What can anyone tell me about this shaft.


----------



## Ethan (Sep 29, 2014)

They are expensive ($2-300) and have a website?

http://www.padersonshafts.com


----------



## Oddsocks (Sep 29, 2014)

I've been on there Ethan but the site gives no indication of how you can expect these models to play, high launch , low launch, spin rates etc?

Would be nice to have some info to compare against something like the Motore f1 65


----------



## the_coach (Sep 29, 2014)

Oddsocks said:



			What can anyone tell me about this shaft.
		
Click to expand...

Which one? Blue or Green, do you know the model number?
Generally very good shafts, not cheap, circa from around $280, up to near the $400 mark, a shaft depending on model.

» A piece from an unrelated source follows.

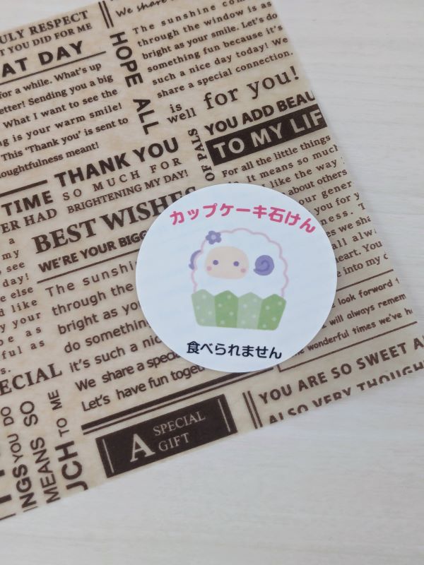 次からカップケーキ石けんづくりのワークショップをする時は、この可愛らしいシールが持ち帰り袋に付きますので、どうぞ楽しみにしていてください。

They have a range across different weights 'flex characteristics' etc.

Never used one so no personal experience of one. (as far as I'm aware they are only available 'new' through a fitting, as many of the top end shafts are, but suppose some will end up be put up for resale)


----------



## Oddsocks (Sep 30, 2014)

Hi coach 


It's as per the below link (green) in stiff flex.

So with that I assume it's the kkg-860d30

http://www.padersonshafts.com/OrderToday/ProductDetail/tabid/5781/rvdsfpid/kg-860dr-64/Default.aspx 

I'm looking at an amp bio cell plus and need to factor in the likelihood oh me reusing my amp shaft (f1/65g/s) or keeping the paderson in there


----------



## the_coach (Sep 30, 2014)

Oddsocks said:



			Hi coach 


It's as per the below link (green) in stiff flex.

So with that I assume it's the kkg-860d30

http://www.padersonshafts.com/OrderToday/ProductDetail/tabid/5781/rvdsfpid/kg-860dr-64/Default.aspx 

I'm looking at an amp bio cell plus and need to factor in the likelihood oh me reusing my amp shaft (f1/65g/s) or keeping the paderson in there
		
Click to expand...

am guessing this is a resale - so shaft would have been fitted for someone. bio cell+ stock shaft I've only seen the Matrix (red t). only real ways to find out is email them see if there's a fitter/dealer roundabouts so you could try the shaft out.

they make a large number of shafts (millions) for lots of OEMs such as Callaway, Titleist etc have a much smaller high end range under their own name, they are home grown firm but the factory is in Taiwan.
don't really see that many about, as said never hit one, but would expect it to be good quality, whether it's suits your swing a different question though. seems they like to keep the playing specs close to the chest.


----------



## Oddsocks (Sep 30, 2014)

Your telling me coach, I've googled and searched mostly forums and I can find nothing in the way of a shaft comparison 

I will factor in the cost that the shaft is worth nothing to me and will need to be changed, anything else from there is a bonus,


----------